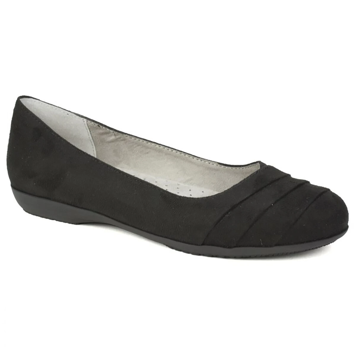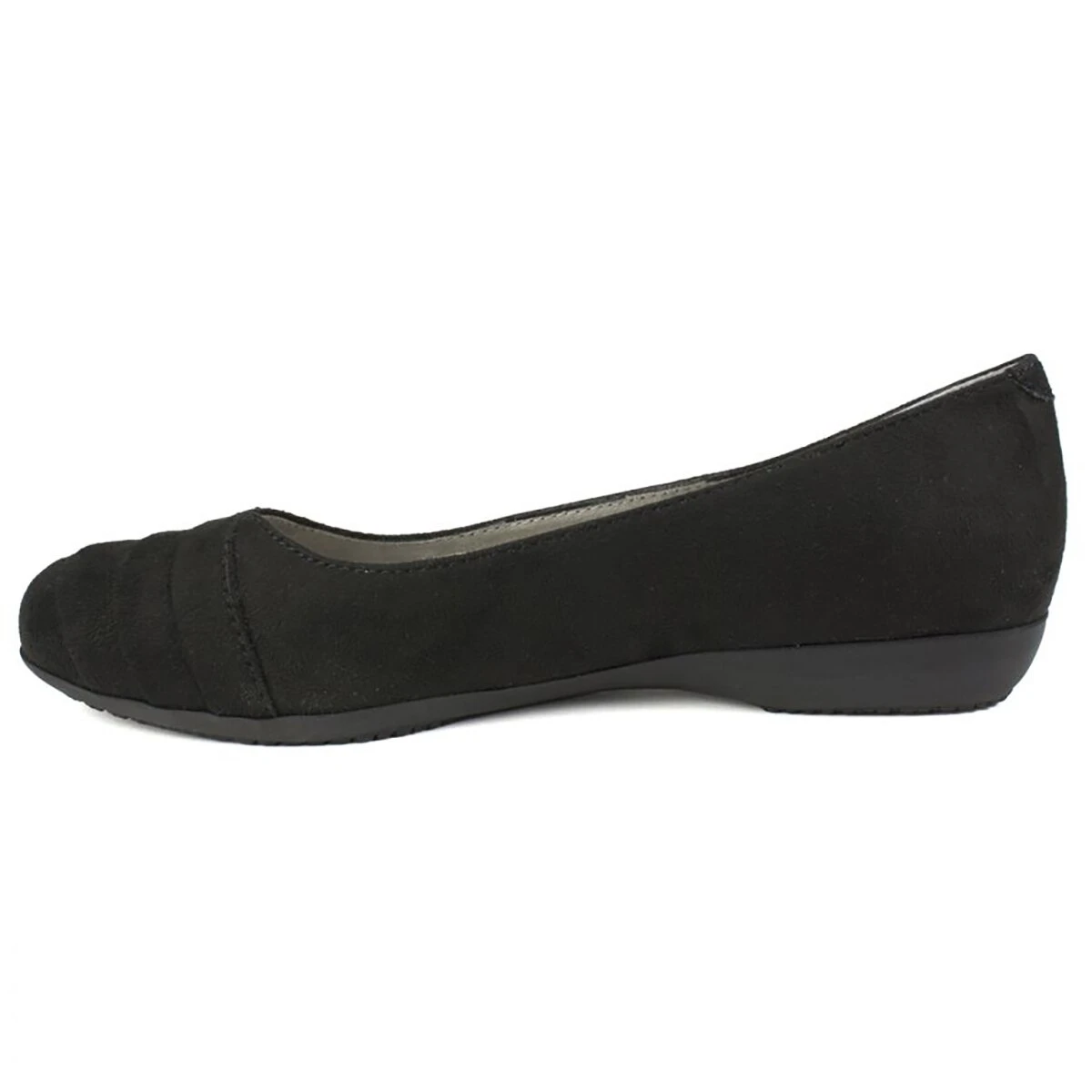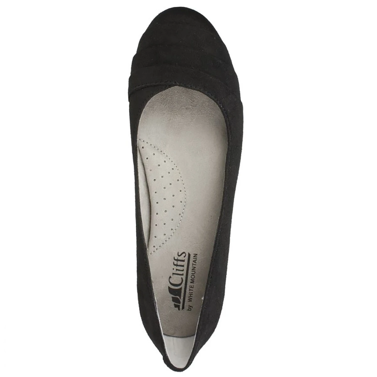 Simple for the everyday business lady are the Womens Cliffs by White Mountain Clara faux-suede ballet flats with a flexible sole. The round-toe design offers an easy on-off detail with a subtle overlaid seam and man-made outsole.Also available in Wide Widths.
■ ■ ■ ■
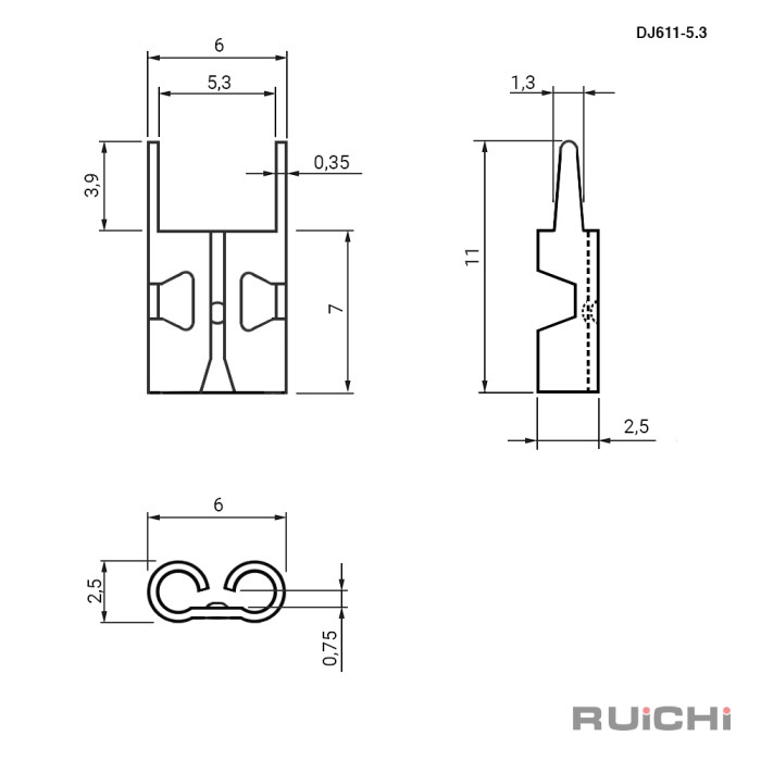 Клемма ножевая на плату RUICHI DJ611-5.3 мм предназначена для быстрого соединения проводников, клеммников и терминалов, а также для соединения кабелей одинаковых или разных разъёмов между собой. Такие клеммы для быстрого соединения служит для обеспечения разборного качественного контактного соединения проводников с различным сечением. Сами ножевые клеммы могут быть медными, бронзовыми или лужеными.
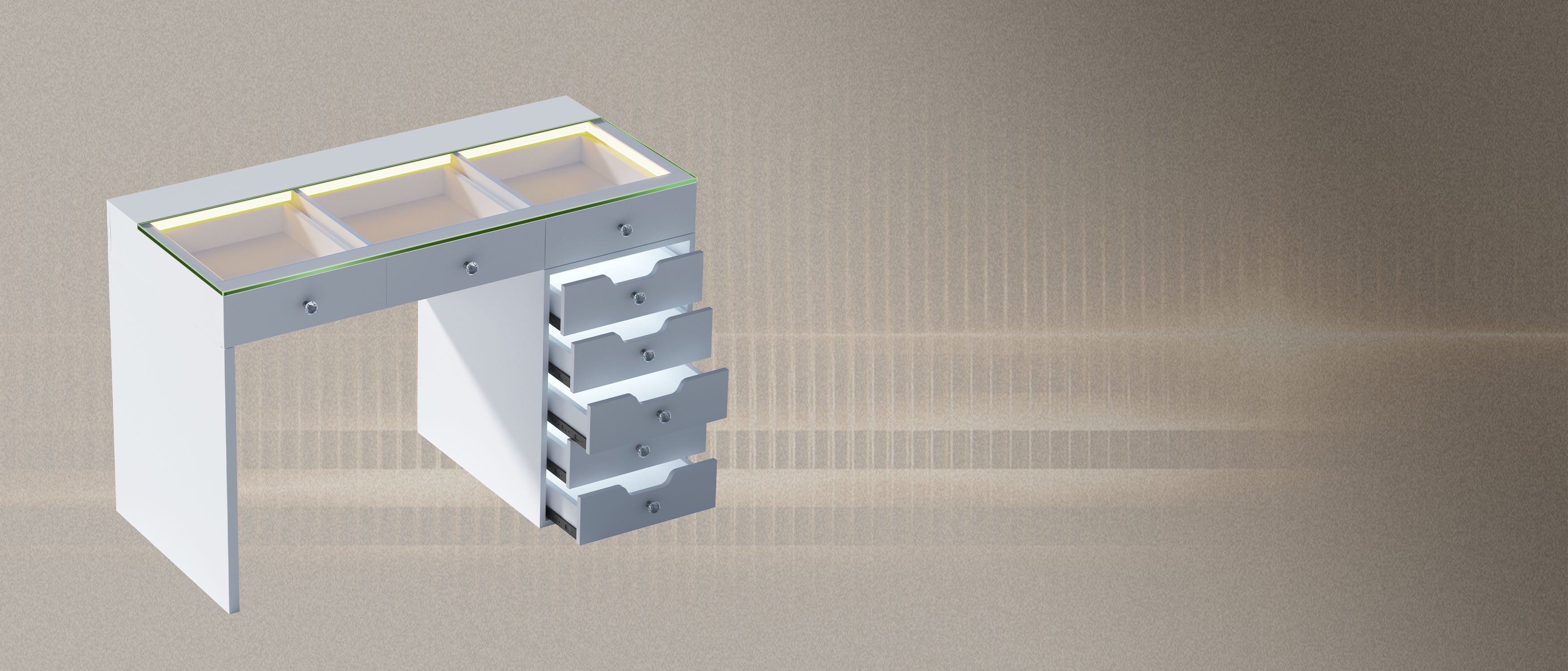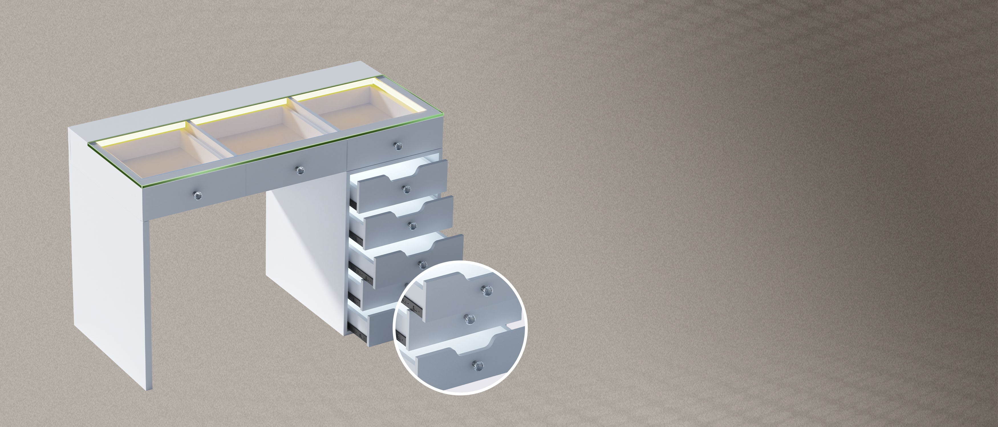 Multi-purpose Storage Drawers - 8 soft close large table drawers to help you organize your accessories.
■ ■ ■ ■
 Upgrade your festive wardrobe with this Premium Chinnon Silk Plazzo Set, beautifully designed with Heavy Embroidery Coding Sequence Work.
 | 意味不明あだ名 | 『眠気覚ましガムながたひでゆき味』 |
■ ■ ■ ■
WHAT YOU ARE ASKED TO DO ▸ Retype, exactly and in full, the lines above from the one containing "Upgrade your festive" through the one containing "意味不明あだ名 | 『眠気覚ましガムながたひでゆき味』 |".

EXERCISE RESPONSE ▸
 Upgrade your festive wardrobe with this Premium Chinnon Silk Plazzo Set, beautifully designed with Heavy Embroidery Coding Sequence Work.
 | 意味不明あだ名 | 『眠気覚ましガムながたひでゆき味』 |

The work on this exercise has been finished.